Records for this task
************

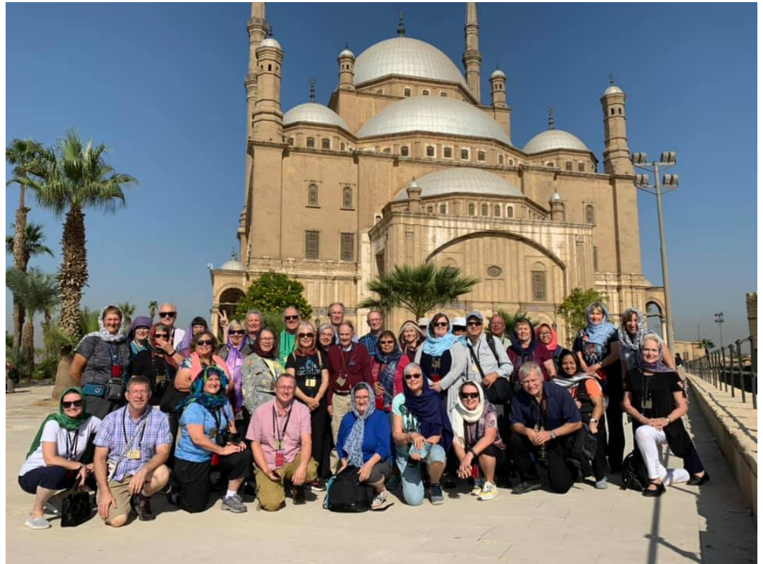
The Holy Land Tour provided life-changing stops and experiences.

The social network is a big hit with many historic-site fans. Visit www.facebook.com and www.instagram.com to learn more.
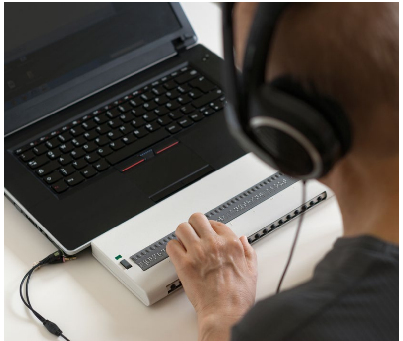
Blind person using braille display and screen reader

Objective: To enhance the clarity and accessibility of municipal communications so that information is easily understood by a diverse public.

************

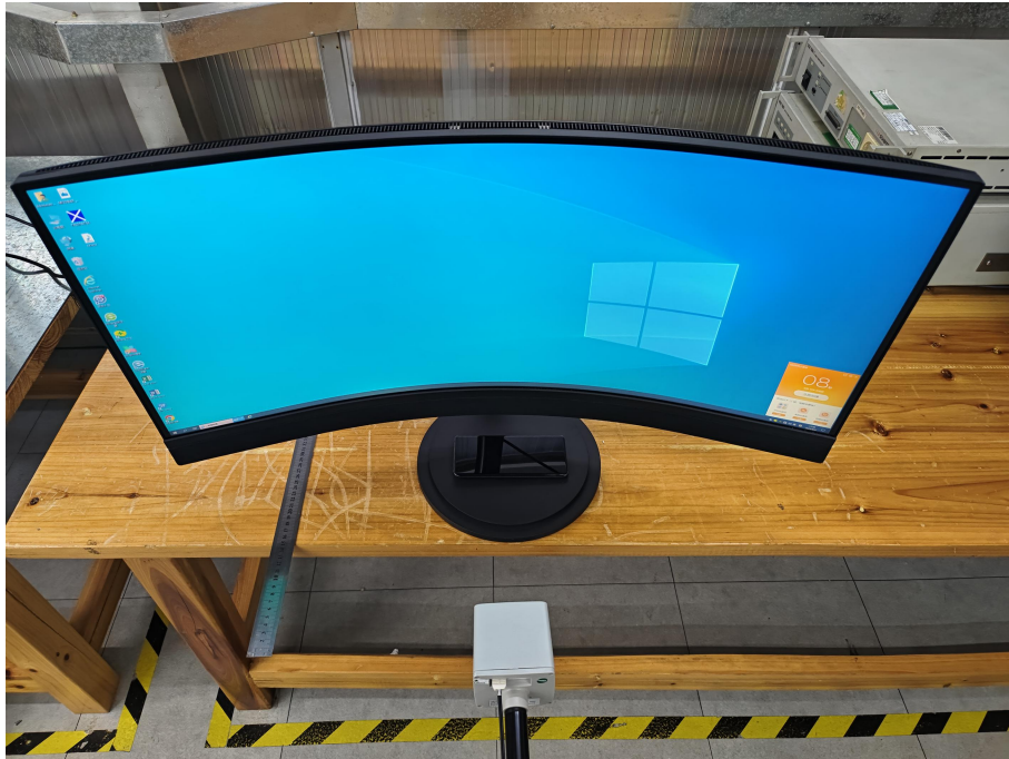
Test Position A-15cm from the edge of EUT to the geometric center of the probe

************

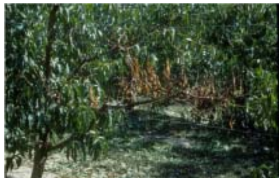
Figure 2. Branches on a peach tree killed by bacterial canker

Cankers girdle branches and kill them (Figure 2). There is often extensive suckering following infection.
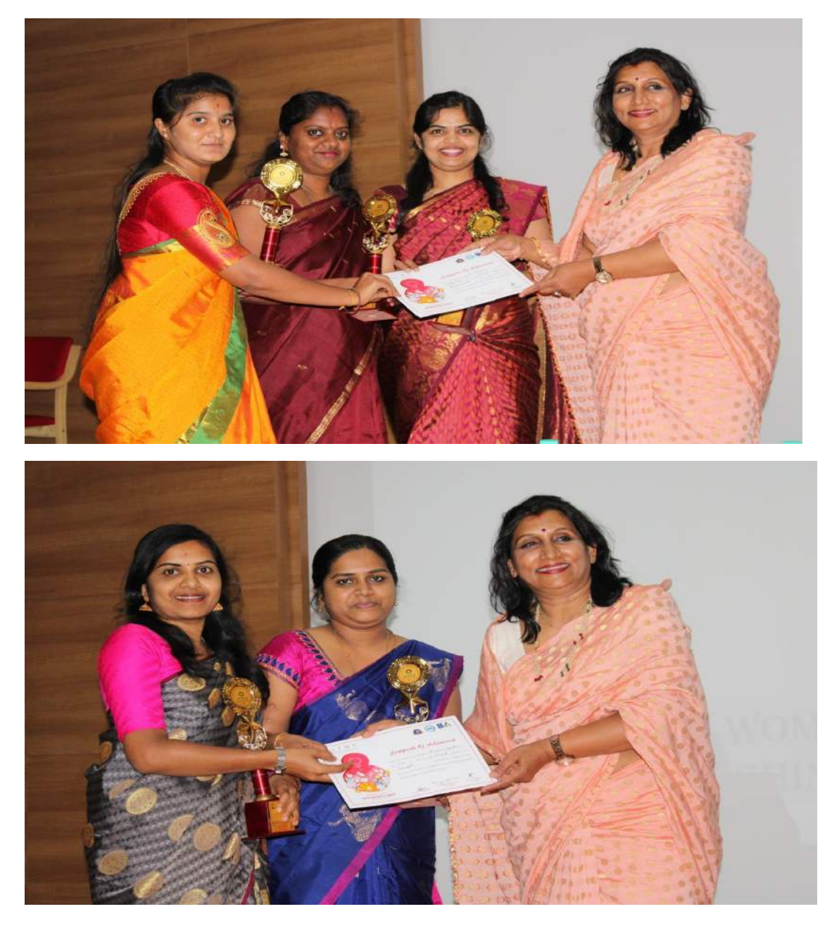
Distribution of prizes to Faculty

************

Exercise instructions
Where a picture appears in the records above, omit it, and transcribe exactly the stretch of lines from the one with "Cankers girdle branches" through the one with "Distribution of prizes to Faculty".

Exercise answer
Cankers girdle branches and kill them (Figure 2). There is often extensive suckering following infection.
Distribution of prizes to Faculty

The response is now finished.